WhatsAaaaap. As much as this week’s shenanigans around the Cabinet Office wanting veto on Covid era WhatsApp messages have put the old Budweiser ad back to the front of my head, the deadly serious point about this is, well, deadly.
Watching several of my mates falling like flies this week, the non-Disabled ones saying they feel like they’ve been ‘hit by a truck’ or feeling ‘like a weak old lady’ and the Disabled ones floored like zombies at the hands of Sean of the Dead for weeks on end, underlying conditions exacerbated, lungs scarred and screwed, fatigue off the scale, I can’t see anything about Covid in the press. It’s gone away because we’re not talking about it.
But it’s still here. A giant, protein spike-covered elephant in the middle of all the rooms. It’s still here, knocking people over, giving them long term energy impairments, and being talked about in court rooms as the Covid Inquiry enters Module 2.
While the headlines are all about the will they won’t they, the deadly serious point is still buried as the quarter of a million people who were lost to Covid. We have literally forgotten that genocidal quantities of people died of Covid. Husbands, wives, mothers, fathers, sons, daughters – loved ones. And that two-thirds of them were Disabled.

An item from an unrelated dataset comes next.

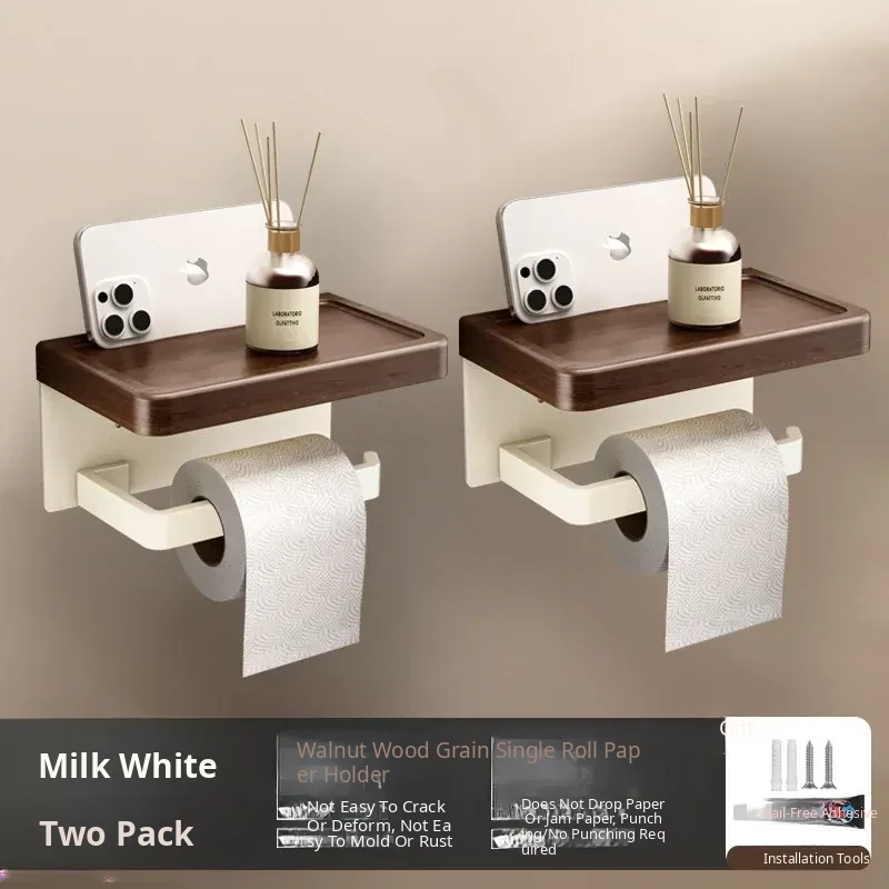 [Walnut Grain-Milk White] Roll Paper Mobile Phone Holder-2 Pack

We want to know how this happened. We want to know why this happened. We want all of those WhatsApp messages out there because we want to leave no stone unturned in order to make sure that this never happens again.
For a minute at the beginning of the pandemic, we wondered whether the vulnerability people felt as they lost jobs, independence, community, access to shops, healthcare and education would translate into better empathy for Disabled people – because this has been our experience for years. Not three short years – whole lives.

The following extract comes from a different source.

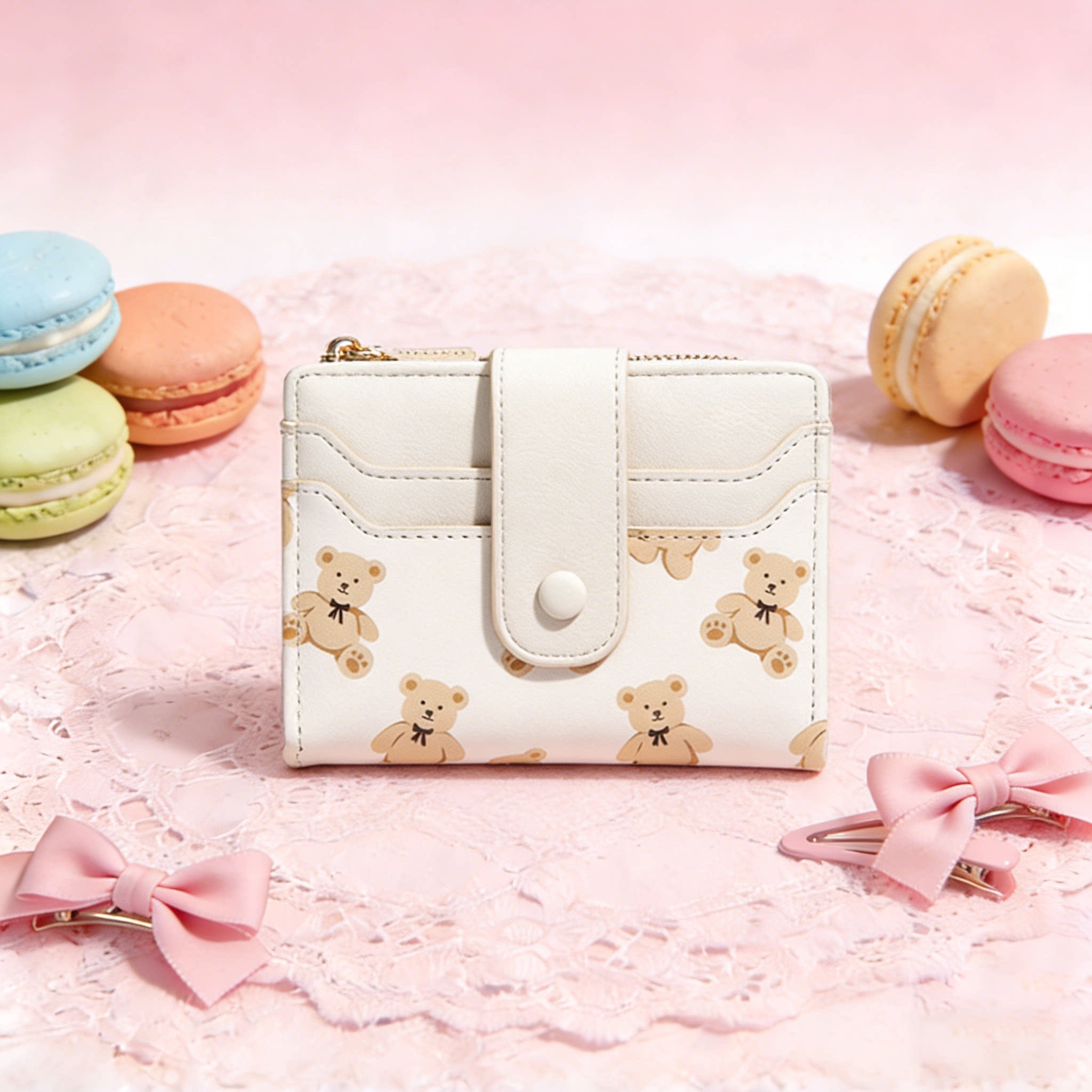 可爱小熊短款钱包女款2026新款皮质轻薄小巧多卡位零钱包卡包一体

But it didn’t. It hasn’t. We’re back to where we were years ago. Dismissive tropes. Headlines and comment across many media channels are starting to drop subtle thoughts about who we, Disabled people, are into the public conversation, and the thoughts ain’t good: burdens. Scroungers. Liabilities.
Last week, The Telegraph ran an article entitled: ‘Exactly how much of your salary bankrolls the welfare state. Britain isn’t working – calculate what it’s costing you’, ignoring the fact that ‘you’ is also a claimant. That all of us rely on the State at some point – for maternity pay, sick pay, pensions – a whole host of benefits that provide a safety net for when we can’t work. Can’t. Not don’t fancy working, but can’t. It’s what civilised societies do – we look out for ourselves – each other – our whole community. But the Telegraph is sowing those seeds of them and us, scattering them across the meadows left from No Mow May to see what will grow in Let It Bloom June. It has provided a handy tool to let people see how much of their taxes might be funding their friends, relatives, loved ones, aka the scum of society who are out of work on indefinite benefits because they can’t work.
The implications of such ‘journalism’ are clear. These people are undeserving. Taking the p**s. Taking your hard earned cash for themselves. Doesn’t matter how much they paid into the pot. Doesn’t matter that they might be our loved ones. Doesn’t matter that we’re all part of society and most of us are only pre-Disabled. It’s ‘our’ money.
What it ignores is that from cradle to grave, almost none of us could survive without the collective pot. That’s what taxes are. Money to be shared across collective needs for all of society. These narratives that we pay in to take out for ourselves and only ourselves do us a disservice. They insult our intelligence. And they create a them and us mentality that benefits nobody. Because this week, Disabled people might be them. But in a few years, them will be us. Almost nobody leaves this planet non-Disabled.
Back to Covid. My mates in the NHS have told me healthcare is still in waves of overwhelm. People are still dying from Covid. People are still getting long term sick from Covid. Not on the same scales, but still on significant scales. Waiting lists are still being affected. Core care provision is still being affected.
DR UK was represented at the Covid Inquiry this week. The Cabinet Office might be running around with its big black pen, trying to exert authority over what to show us, and what to scribble out thickly, but these words of our lawyers in regard to informal messaging channels being included as formal Inquiry evidence stand: “What were once conversations in the corridors of power, not contained in any minutes or formal records, are now recorded. It is through WhatsApp messages that disabled people know that in November 2020 Matt Hancock allowed the whips to threaten funding for a learning disability hub if the MP for Bury North did not vote with the government on the tier system.
"Instant messaging can show bias that other sources of evidence conceal, and those who reviewed these materials for relevance can themselves be prone to unconscious bias, especially if they do not appreciate certain forms of discrimination in others, or understand the full panoply of issues like the Inquiry will. It would be wrong for a chair to allow any party to redact documents before the Inquiry has seen them, and no reasonably informed person could respect an Inquiry process that allowed that to happen.”
We need to see and hear what people are saying about us. What was said and heard during the pandemic. And what is being said now in the media. Often it isn’t good. But hiding it, pushing it underground, results in even worse outcomes for us.